# Renshaw, Photo's ....



## renshaw (Jun 5, 2012)

First time ever posting photo's!

Having got any before photos, But i started at 9 stone 3.. I think 3 - 4 years ago!

Now I'm 12 stone.

View attachment 2899


View attachment 2900


View attachment 2901


----------



## justheretosnoop (Jun 15, 2012)

Nice work dude, quads have come out really well. Can only hope mine will follow someday!!


----------



## eglwys (Aug 28, 2011)

Looking good mate like the way you managed to take the pic of your back.


----------



## renshaw (Jun 5, 2012)

Thanks guys!!

eglwys its took about five attemps kept getting pictures of bottom of my legs XD!
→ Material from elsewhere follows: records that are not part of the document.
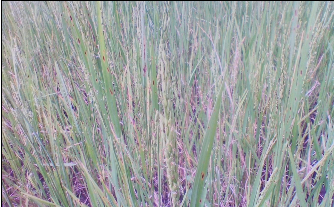
Figure-4. Symptoms of Brown spot disease in rice field

Brown spot is a fungal disease that infects all parts of plant. Its most observable damage is the numerous big spots on the leaves which can kill the whole leaf. When infection occurs in the seed, unfilled grains or spotted or discolored seeds are formed. Infected seedlings have small, circular, yellow brown or brown lesions that may girdle the coleoptile and distort primary and secondary leaves. Starting at tillering stage, lesions can be observed on the leaves. They are initially small, circular, and dark brown to purple-brown. Fully developed lesions are circular to oval with a light brown to gray center, surrounded by a reddish-brown margin caused by the toxin produced by the fungi [1].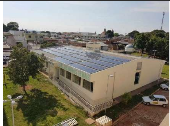
Figure 18: Campus Passos library natural lighting.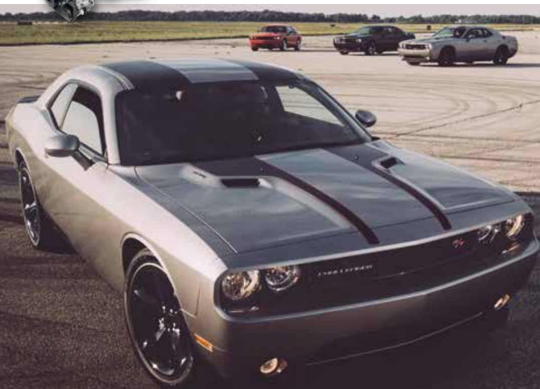
Challenger R/T Blacktop shown in Billet Silver Metallic with Blacktop stripes.

392-CU-IN SRT® HEMI V8 WITH 470 LB-FT OF TORQUE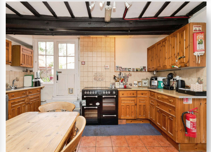
St Davids House Friday Market Place, Walsingham, NR22 6DB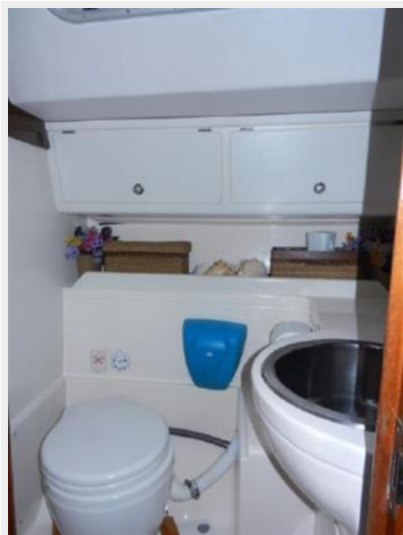
Private aft head 2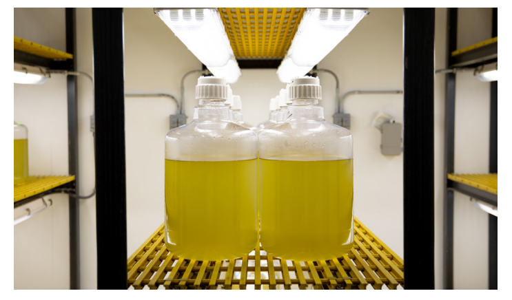
Red tide growing in culture room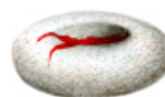
MORTAR OR STONE BOWL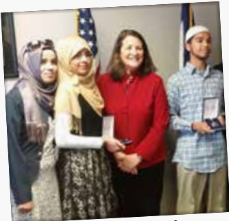
Representative Diana DeGette (CO01)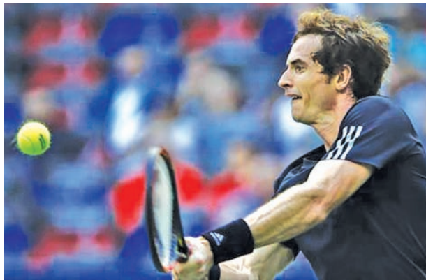
Andy Murray of Britain returns a shot during his men's singles tennis match against David Ferrer of Spain at the Shanghai Masters tennis tournament in Shanghai on 9 Oct, 2014.

Top-seeded Spaniard Ferrer, who was chasing a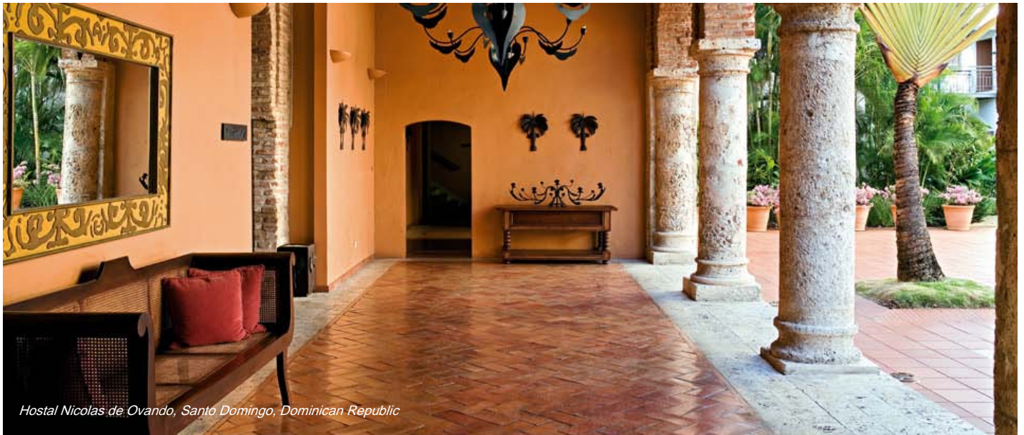
Hostal Nicolas de Ovando, Santo Domingo, Dominican Republic

Scarcely through the lobby door, the traveller begins to form a sense of the hotel and its story and experience the original. That is why everything, from the layout of different areas to the décor, ambient scents, visual identity, precious ornaments or unexpected objects, and the services on offer, are in keeping with the story and character of the individual property. This "spirit of the place" is a hallmark of hotels in the MGallery collection and is an important part of the overall guest experience.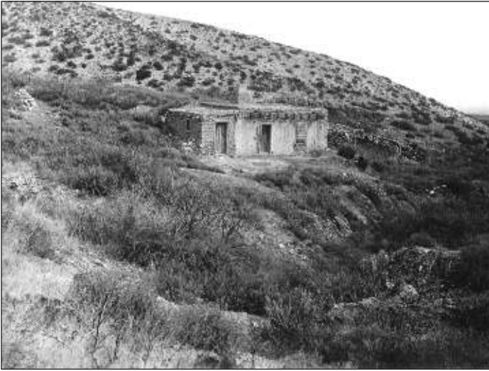
An 1890s photo of the Puertocito trading post. This was also the post office from 1903 through 1929. Puertocito was abandoned in the 1940s.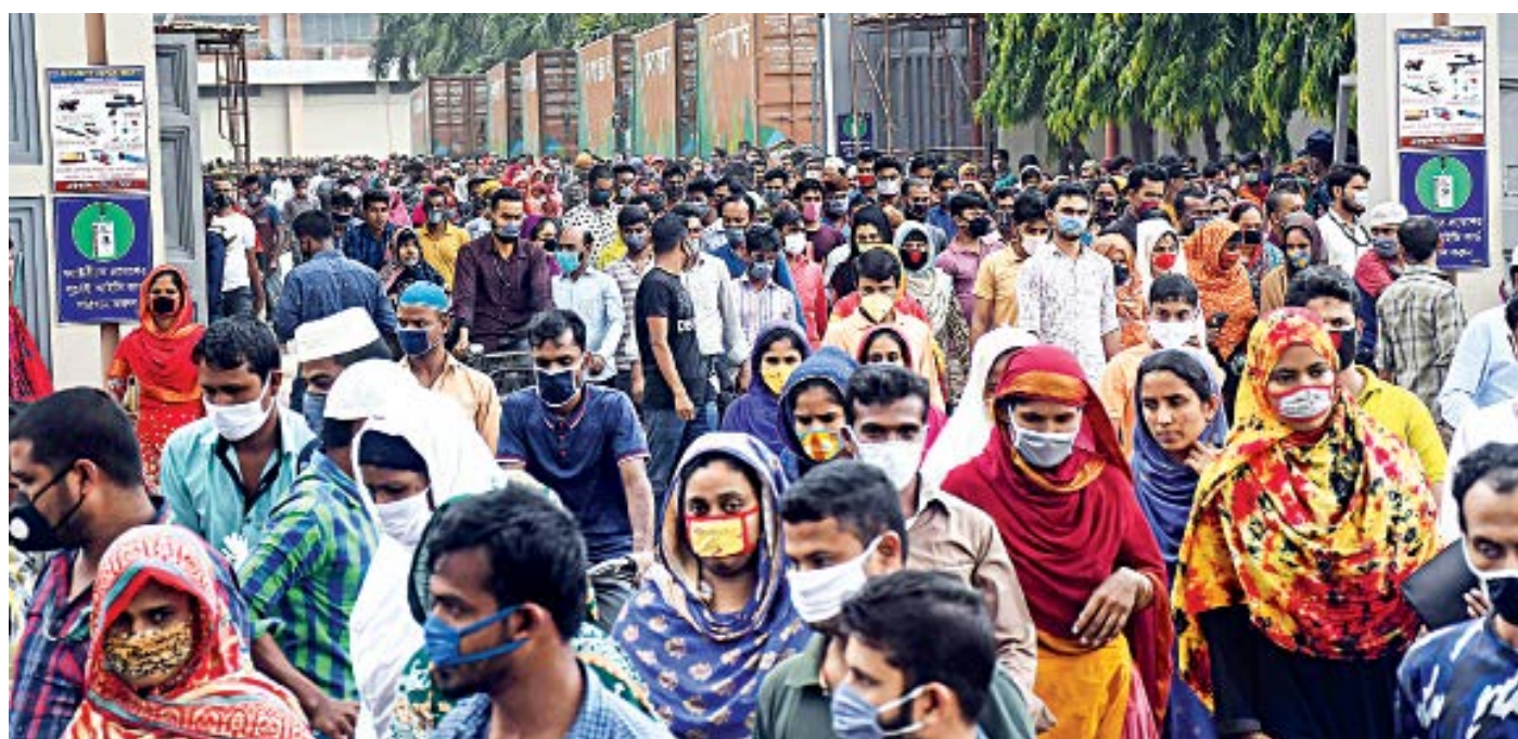
Garment workers are living in constant fear of losing jobs as the pandemic took a toll on export orders. The photo was taken recently from Ashulia on the outskirts of the capital.

central coordination committee featuring buyers, factory owners, union leaders, the Bangladesh Garment Manufacturers and Exporters Association and Bangladesh Knitwear Manufacturers and Exporters Association, to monitor worker termination and misappropriation of funds meant for the industry, the NGWF president said.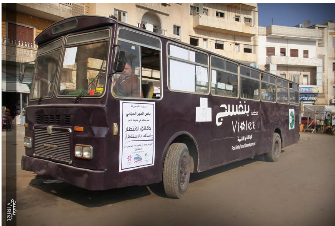
Image shows side of the work of the free al-Khair Bus in Idlib city.

"The idea of the project came after several studies and reports carried out by the Organization's needs assessment team. It has been found that many people in Idlib cannot use public or private transport in Idlib, due to its high prices, so through al-Khair Bus , those people can secure their needs regularly, especially the elderly and those with the special needs. However, Sawa'id al-Khair elements affiliated to HTS stopped the drivers who were working on the free interior transport project on February 7, 2018. First, they took them to an unknown place and then released them several hours later, but without allowing to resume the project once again, all that under the pretext of preventing mixing between females and males. In addition, Sawa'id al-Khair halted the city's interior transportation work until an agreement is reached."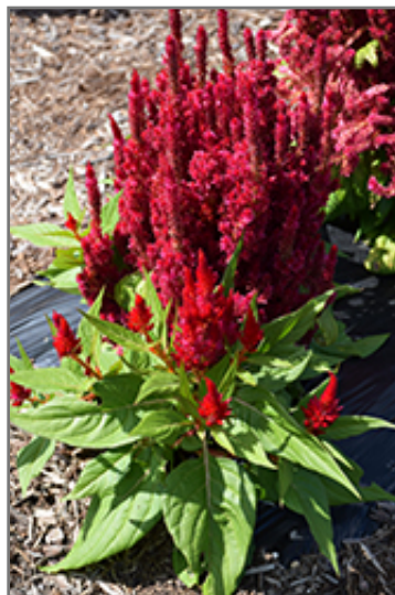
Fresh Look Red Celosia in bloom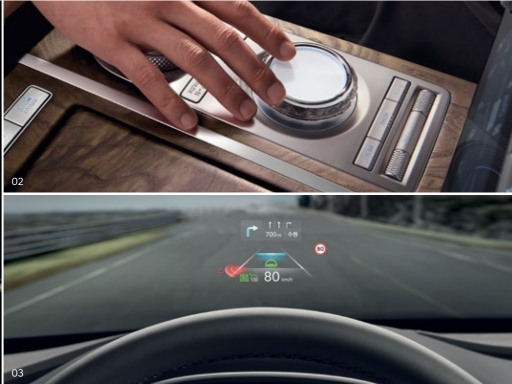
02. 03. GENESIS touch controller _ Located on the center console, this allows users to control the various infotainment systems easily without having to repeatedly touch any buttons or screens. Its handwriting recognition system helps users set a destination or enter a phone number simply by using handwritings instead of typing into a keyboard. Head-Up Display _ Shows driving speed and GPS information, as well as key driver assist information and crossroads. The high-resolution, 12" wide display boasts clear visibility during daytime or nighttime.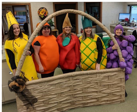
2 nd Place Group – “Fruit Basket” First Federal Drive Thru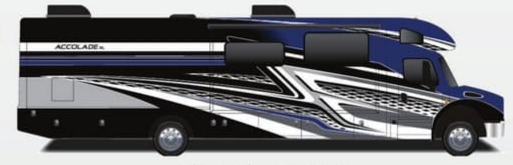
Blue Lightning Paint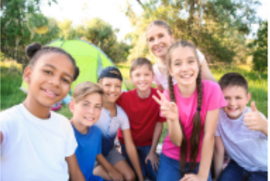
REGISTRATION STARTS APRIL 27TH

Ist - 6th Grade July 15 - 19, 9:00AM - 3:00PM Bring lunch, Snacks provided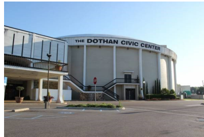
EXHIBIT HALL EVENT HOURS Friday, April 5, 2019 9:00 am - 12:00 pm

DOTHAN CIVIC CENTER | Main Arena 126 North St. Andrews Street Dothan, AL 36303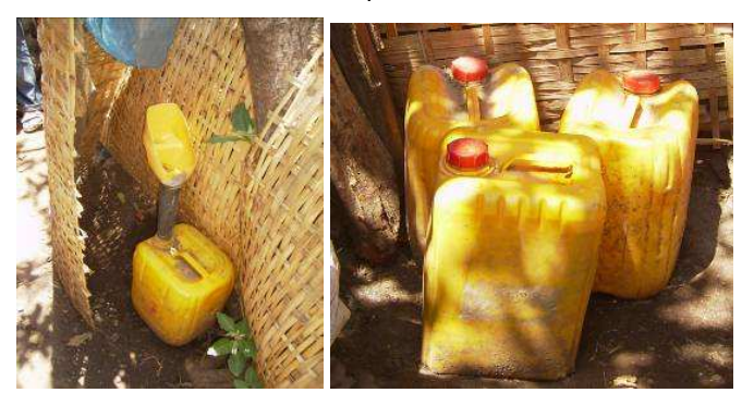
Fig. 9: Waterless urinal.

of customers who urinate in the Fossa alterna are a lot. Therefore, upon her request, a waterless urinal was installed. The filling rate is high (2 to 4 jerry cans per week). She changes the filled jerry cans by herself. She is paying Eur 5 per month for transporting the urine to a micro and small enterprise called 'Wubet le Arba Minch' Solid Waste Collectors Association for transporting the urine and for using it as a fertilizer. Refer Fig. 9. for the urinal installed in her compound.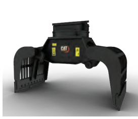
DEMO AND SORTING GRAPPLES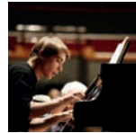
Cédric Tiberghien

Cédric Tiberghien piano O/Modernt Soloists Hugo Ticciati violin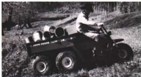
The AMT 600 from John Deere carries

up to 600 pounds of cargo over all kinds of terrain. A variable-speed drive system eliminates the need for shifting and helps match traction to the terrain. A differential action allows the inside wheels to rotate slower than the outside wheels in a turn, lessening wheel skid and tire scuffing.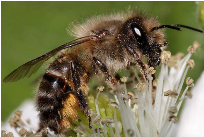
Osmia cornifrons , bugguide.net

You know what you'll find annoying Dorsey, for around first two years where i didn't have a clue what i was doing and was to ignorant to research..

I hardly trained legs probably one exercise every three months same with back... Was the silly guy that only trained chest, As a result it was so over trained, its ended up being the weakest body part


----------



## justheretosnoop (Jun 15, 2012)

Typical. You taken any measurements?


----------



## scotty T (Oct 8, 2011)

Quads are looking the part, well done.


----------



## renshaw (Jun 5, 2012)

Last ones i took was start of December so just taken more!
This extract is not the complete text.